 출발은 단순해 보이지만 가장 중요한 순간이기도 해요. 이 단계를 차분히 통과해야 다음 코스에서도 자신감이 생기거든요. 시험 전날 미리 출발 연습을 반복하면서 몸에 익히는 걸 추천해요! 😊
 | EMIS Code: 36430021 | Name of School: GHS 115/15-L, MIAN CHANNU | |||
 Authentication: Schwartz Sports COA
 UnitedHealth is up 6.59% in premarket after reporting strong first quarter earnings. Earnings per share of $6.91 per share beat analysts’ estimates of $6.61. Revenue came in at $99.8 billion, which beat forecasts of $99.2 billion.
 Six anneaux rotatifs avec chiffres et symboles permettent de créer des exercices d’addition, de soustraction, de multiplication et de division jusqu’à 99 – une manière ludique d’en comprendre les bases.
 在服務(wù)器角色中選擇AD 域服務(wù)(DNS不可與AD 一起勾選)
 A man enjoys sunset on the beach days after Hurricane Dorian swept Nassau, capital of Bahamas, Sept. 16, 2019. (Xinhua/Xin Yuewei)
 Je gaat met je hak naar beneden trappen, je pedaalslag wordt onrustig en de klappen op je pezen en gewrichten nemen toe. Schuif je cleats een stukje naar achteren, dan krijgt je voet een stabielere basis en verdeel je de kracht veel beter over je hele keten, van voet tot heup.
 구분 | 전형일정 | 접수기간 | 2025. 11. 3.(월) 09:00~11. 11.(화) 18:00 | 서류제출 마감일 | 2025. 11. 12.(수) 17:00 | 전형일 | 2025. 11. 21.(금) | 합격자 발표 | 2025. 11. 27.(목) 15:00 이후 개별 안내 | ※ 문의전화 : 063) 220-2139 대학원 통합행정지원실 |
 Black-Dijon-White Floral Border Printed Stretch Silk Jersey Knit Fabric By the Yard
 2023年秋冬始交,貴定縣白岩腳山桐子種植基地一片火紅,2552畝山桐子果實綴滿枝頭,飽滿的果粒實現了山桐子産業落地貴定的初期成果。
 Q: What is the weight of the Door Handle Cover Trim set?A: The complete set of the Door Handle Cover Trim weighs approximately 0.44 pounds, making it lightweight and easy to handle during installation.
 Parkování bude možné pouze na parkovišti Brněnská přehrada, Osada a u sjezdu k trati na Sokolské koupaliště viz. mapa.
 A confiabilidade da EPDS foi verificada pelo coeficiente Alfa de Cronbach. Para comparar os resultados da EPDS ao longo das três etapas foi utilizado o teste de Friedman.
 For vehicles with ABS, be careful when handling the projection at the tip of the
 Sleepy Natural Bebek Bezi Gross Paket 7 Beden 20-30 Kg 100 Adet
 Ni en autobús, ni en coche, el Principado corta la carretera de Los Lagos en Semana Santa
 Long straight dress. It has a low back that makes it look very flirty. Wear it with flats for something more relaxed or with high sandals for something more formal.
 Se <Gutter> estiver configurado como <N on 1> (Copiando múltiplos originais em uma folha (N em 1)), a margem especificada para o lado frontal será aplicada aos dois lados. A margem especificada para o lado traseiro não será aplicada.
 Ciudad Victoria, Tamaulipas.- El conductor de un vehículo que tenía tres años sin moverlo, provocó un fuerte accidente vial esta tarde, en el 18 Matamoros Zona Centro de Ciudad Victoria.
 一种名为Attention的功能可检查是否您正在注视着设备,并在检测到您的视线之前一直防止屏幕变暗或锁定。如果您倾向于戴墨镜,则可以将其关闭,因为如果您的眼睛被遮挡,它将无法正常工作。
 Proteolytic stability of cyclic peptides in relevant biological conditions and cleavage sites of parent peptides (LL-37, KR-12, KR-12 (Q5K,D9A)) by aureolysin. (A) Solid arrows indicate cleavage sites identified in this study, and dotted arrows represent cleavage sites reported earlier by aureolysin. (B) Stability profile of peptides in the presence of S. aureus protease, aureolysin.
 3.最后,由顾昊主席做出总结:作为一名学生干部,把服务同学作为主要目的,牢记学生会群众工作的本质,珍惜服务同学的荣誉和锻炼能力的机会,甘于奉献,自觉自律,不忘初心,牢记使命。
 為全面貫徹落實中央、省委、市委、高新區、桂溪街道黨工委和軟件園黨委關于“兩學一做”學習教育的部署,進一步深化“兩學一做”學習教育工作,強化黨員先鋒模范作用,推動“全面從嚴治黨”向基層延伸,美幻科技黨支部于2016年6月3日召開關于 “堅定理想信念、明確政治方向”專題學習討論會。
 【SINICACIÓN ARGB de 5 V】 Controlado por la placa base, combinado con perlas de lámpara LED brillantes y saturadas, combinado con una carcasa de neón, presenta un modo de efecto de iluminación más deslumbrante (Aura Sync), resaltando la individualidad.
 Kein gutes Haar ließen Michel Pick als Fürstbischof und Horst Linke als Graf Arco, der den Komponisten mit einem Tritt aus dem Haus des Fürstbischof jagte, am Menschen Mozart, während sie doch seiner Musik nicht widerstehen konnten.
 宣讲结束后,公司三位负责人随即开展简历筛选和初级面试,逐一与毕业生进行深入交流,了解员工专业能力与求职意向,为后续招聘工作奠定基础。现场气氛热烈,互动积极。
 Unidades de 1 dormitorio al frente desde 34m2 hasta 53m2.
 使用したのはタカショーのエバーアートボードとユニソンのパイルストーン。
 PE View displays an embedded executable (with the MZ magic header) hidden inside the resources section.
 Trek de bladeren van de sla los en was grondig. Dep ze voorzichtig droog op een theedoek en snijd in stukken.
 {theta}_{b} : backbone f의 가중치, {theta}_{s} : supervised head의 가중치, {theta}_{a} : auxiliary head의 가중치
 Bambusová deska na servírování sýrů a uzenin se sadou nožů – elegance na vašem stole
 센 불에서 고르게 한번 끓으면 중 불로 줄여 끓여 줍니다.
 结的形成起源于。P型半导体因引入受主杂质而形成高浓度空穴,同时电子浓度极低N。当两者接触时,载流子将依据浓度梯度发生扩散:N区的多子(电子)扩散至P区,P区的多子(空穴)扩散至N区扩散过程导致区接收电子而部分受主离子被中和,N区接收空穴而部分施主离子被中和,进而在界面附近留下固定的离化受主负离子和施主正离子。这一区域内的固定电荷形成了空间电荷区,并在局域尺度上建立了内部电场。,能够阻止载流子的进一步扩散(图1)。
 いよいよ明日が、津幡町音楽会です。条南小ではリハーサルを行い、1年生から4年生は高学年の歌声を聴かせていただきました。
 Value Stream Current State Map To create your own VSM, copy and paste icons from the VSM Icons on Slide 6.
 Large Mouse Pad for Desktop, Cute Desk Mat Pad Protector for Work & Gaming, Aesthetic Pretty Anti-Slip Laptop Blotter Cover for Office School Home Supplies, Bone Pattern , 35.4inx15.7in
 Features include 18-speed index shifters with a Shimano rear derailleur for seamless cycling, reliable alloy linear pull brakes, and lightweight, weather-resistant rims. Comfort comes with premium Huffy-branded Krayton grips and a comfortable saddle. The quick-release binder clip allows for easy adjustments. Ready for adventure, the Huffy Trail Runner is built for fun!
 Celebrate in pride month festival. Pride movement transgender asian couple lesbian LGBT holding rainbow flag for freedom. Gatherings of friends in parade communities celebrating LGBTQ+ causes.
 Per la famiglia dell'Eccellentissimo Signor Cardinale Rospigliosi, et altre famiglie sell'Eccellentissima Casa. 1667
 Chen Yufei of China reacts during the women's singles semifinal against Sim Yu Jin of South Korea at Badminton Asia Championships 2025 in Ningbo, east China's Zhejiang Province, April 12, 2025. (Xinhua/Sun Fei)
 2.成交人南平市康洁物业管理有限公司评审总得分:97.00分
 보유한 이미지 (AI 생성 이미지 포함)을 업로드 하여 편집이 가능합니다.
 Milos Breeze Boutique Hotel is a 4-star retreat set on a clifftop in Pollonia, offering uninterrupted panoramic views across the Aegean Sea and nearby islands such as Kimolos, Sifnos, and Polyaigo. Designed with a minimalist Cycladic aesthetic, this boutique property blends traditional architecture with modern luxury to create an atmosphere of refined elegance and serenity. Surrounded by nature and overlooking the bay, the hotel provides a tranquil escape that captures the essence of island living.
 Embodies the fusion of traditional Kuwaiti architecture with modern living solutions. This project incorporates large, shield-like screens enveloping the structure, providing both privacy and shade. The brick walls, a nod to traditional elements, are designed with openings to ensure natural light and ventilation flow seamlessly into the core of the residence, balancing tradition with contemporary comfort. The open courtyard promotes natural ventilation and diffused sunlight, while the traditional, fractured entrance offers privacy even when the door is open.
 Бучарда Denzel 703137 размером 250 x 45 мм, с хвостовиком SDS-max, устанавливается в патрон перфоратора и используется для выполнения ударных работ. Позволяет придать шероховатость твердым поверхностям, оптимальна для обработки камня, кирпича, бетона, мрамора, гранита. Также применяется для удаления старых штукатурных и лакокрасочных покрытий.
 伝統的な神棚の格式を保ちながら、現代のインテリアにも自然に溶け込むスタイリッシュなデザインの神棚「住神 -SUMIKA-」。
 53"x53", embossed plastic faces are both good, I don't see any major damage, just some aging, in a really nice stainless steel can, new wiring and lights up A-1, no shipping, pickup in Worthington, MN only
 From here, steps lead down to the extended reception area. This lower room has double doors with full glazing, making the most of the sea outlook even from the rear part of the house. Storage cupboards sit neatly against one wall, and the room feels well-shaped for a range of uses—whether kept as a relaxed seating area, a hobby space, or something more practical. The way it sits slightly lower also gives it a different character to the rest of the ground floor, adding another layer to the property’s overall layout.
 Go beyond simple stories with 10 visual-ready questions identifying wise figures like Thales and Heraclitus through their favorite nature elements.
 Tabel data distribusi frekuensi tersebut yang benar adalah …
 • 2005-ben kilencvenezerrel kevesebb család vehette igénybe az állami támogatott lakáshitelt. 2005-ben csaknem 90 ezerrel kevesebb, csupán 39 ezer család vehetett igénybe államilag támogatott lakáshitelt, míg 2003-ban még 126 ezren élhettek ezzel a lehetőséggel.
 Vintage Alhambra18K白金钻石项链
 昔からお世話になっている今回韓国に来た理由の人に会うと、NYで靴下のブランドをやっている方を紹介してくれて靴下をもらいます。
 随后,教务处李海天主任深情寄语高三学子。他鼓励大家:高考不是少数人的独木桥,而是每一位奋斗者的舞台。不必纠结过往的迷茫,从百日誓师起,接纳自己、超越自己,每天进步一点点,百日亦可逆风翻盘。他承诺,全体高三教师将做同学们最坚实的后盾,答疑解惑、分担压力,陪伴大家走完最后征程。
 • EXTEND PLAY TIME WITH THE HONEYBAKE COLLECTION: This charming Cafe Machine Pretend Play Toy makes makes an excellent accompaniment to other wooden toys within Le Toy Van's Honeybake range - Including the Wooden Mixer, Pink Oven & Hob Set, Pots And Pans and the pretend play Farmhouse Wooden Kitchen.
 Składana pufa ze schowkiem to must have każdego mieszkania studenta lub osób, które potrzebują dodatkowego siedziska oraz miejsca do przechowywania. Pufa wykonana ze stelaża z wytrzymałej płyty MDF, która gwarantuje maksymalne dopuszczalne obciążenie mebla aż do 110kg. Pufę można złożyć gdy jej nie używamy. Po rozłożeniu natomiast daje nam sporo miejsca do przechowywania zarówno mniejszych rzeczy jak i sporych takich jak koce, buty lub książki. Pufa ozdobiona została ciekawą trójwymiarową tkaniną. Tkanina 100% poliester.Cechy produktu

> **What is being asked**
All lines above from the one holding "一种名为Attention的" to the one holding "Value Stream Current", inclusive, are to be copied exactly; no other line is wanted.

> **Worked solution**
 一种名为Attention的功能可检查是否您正在注视着设备,并在检测到您的视线之前一直防止屏幕变暗或锁定。如果您倾向于戴墨镜,则可以将其关闭,因为如果您的眼睛被遮挡,它将无法正常工作。
 Proteolytic stability of cyclic peptides in relevant biological conditions and cleavage sites of parent peptides (LL-37, KR-12, KR-12 (Q5K,D9A)) by aureolysin. (A) Solid arrows indicate cleavage sites identified in this study, and dotted arrows represent cleavage sites reported earlier by aureolysin. (B) Stability profile of peptides in the presence of S. aureus protease, aureolysin.
 3.最后,由顾昊主席做出总结:作为一名学生干部,把服务同学作为主要目的,牢记学生会群众工作的本质,珍惜服务同学的荣誉和锻炼能力的机会,甘于奉献,自觉自律,不忘初心,牢记使命。
 為全面貫徹落實中央、省委、市委、高新區、桂溪街道黨工委和軟件園黨委關于“兩學一做”學習教育的部署,進一步深化“兩學一做”學習教育工作,強化黨員先鋒模范作用,推動“全面從嚴治黨”向基層延伸,美幻科技黨支部于2016年6月3日召開關于 “堅定理想信念、明確政治方向”專題學習討論會。
 【SINICACIÓN ARGB de 5 V】 Controlado por la placa base, combinado con perlas de lámpara LED brillantes y saturadas, combinado con una carcasa de neón, presenta un modo de efecto de iluminación más deslumbrante (Aura Sync), resaltando la individualidad.
 Kein gutes Haar ließen Michel Pick als Fürstbischof und Horst Linke als Graf Arco, der den Komponisten mit einem Tritt aus dem Haus des Fürstbischof jagte, am Menschen Mozart, während sie doch seiner Musik nicht widerstehen konnten.
 宣讲结束后,公司三位负责人随即开展简历筛选和初级面试,逐一与毕业生进行深入交流,了解员工专业能力与求职意向,为后续招聘工作奠定基础。现场气氛热烈,互动积极。
 Unidades de 1 dormitorio al frente desde 34m2 hasta 53m2.
 使用したのはタカショーのエバーアートボードとユニソンのパイルストーン。
 PE View displays an embedded executable (with the MZ magic header) hidden inside the resources section.
 Trek de bladeren van de sla los en was grondig. Dep ze voorzichtig droog op een theedoek en snijd in stukken.
 {theta}_{b} : backbone f의 가중치, {theta}_{s} : supervised head의 가중치, {theta}_{a} : auxiliary head의 가중치
 Bambusová deska na servírování sýrů a uzenin se sadou nožů – elegance na vašem stole
 센 불에서 고르게 한번 끓으면 중 불로 줄여 끓여 줍니다.
 结的形成起源于。P型半导体因引入受主杂质而形成高浓度空穴,同时电子浓度极低N。当两者接触时,载流子将依据浓度梯度发生扩散:N区的多子(电子)扩散至P区,P区的多子(空穴)扩散至N区扩散过程导致区接收电子而部分受主离子被中和,N区接收空穴而部分施主离子被中和,进而在界面附近留下固定的离化受主负离子和施主正离子。这一区域内的固定电荷形成了空间电荷区,并在局域尺度上建立了内部电场。,能够阻止载流子的进一步扩散(图1)。
 いよいよ明日が、津幡町音楽会です。条南小ではリハーサルを行い、1年生から4年生は高学年の歌声を聴かせていただきました。
 Value Stream Current State Map To create your own VSM, copy and paste icons from the VSM Icons on Slide 6.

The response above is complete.